COINTELPRO (an acronym for Counter Intelligence Program) was a series of covert and often illegal projects conducted by the Federal Bureau of Investigation aimed at investigating and disrupting dissident political organizations within the United States. The FBI used covert operations from its inception, however, the formal COINTELPRO operations took place between 1956 and 1971. The FBI motivation at the time was "protecting national security, preventing violence, and maintaining the existing social and political order." According to FBI records, approximately 15% of COINTELPRO resources were expended to marginalize and subvert "white hate groups," including the Ku Klux Klan and National States' Rights Party.
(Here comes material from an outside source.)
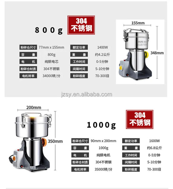 800G Food Mill Powder Crusher Ultrafine Household Small Dry Grain Pepper Grinding Machine Sesame Sorghum Soybean Grinder

The other 85% of COINTELPRO resources were expended on targets suspected of being subversive, such as communist and socialist organizations; the women's rights movement; people suspected of building a "coalition of militant black nationalist groups" ranging from the Black Panther Party and Republic of New Afrika to "those in the non-violent civil rights movement" such as Martin Luther King, Jr. and others associated with the Southern Christian Leadership Conference, the National Association for the Advancement of Colored People, the Congress of Racial Equality, and other civil rights groups; a broad range of organizations labelled "New Left", including Students for a Democratic Society, the National Lawyers Guild, the Weathermen, almost all groups protesting the Vietnam War, and even individual student demonstrators with no group affiliation; and nationalist groups such as those "seeking independence for Puerto Rico." The directives governing COINTELPRO were issued by FBI Director J. Edgar Hoover, who ordered FBI agents to "expose, disrupt, misdirect, discredit, or otherwise neutralize" the activities of these movements and their leaders.